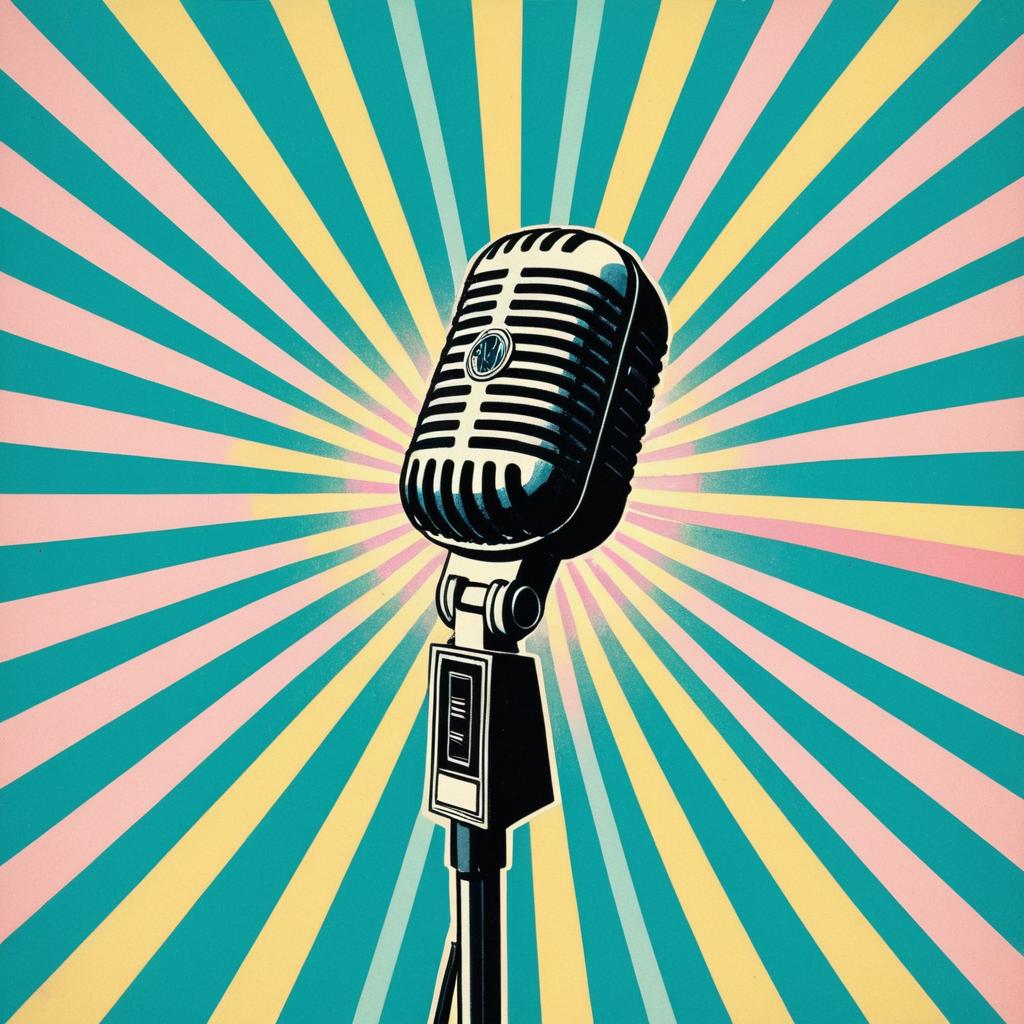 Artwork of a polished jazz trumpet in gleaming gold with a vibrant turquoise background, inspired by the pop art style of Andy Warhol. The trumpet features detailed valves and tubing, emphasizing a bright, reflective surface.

━━━━━━━━━━━━━━━━━━━━━━━━━━━━━━

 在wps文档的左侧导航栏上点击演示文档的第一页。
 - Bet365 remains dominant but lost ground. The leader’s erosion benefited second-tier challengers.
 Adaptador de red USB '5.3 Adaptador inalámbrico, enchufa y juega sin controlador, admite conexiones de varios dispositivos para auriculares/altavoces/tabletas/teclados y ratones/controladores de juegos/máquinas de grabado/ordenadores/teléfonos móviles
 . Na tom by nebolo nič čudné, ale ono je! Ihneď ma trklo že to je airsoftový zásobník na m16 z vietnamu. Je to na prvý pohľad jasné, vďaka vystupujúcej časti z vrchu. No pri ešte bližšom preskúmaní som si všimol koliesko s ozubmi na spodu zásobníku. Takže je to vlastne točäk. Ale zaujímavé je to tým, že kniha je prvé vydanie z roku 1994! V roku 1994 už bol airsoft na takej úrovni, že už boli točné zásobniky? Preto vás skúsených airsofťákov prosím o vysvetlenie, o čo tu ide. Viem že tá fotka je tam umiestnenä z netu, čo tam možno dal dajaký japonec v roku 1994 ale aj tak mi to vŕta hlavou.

━━━━━━━━━━━━━━━━━━━━━━━━━━━━━━

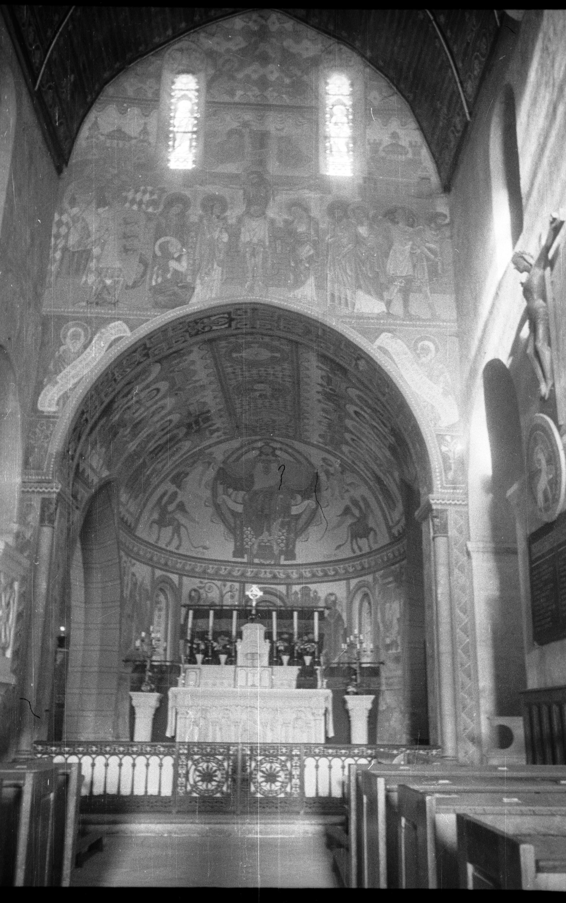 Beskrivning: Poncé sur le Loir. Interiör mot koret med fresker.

━━━━━━━━━━━━━━━━━━━━━━━━━━━━━━

#### [Work to complete]
Only the lines above starting with the one with "在wps文档的左侧导航栏上点击演示文档的第一页。" and going through the one with "to vŕta hlavou." are to be copied, word for word and with both ends kept.

#### [Exercise solution]
 在wps文档的左侧导航栏上点击演示文档的第一页。
 - Bet365 remains dominant but lost ground. The leader’s erosion benefited second-tier challengers.
 Adaptador de red USB '5.3 Adaptador inalámbrico, enchufa y juega sin controlador, admite conexiones de varios dispositivos para auriculares/altavoces/tabletas/teclados y ratones/controladores de juegos/máquinas de grabado/ordenadores/teléfonos móviles
 . Na tom by nebolo nič čudné, ale ono je! Ihneď ma trklo že to je airsoftový zásobník na m16 z vietnamu. Je to na prvý pohľad jasné, vďaka vystupujúcej časti z vrchu. No pri ešte bližšom preskúmaní som si všimol koliesko s ozubmi na spodu zásobníku. Takže je to vlastne točäk. Ale zaujímavé je to tým, že kniha je prvé vydanie z roku 1994! V roku 1994 už bol airsoft na takej úrovni, že už boli točné zásobniky? Preto vás skúsených airsofťákov prosím o vysvetlenie, o čo tu ide. Viem že tá fotka je tam umiestnenä z netu, čo tam možno dal dajaký japonec v roku 1994 ale aj tak mi to vŕta hlavou.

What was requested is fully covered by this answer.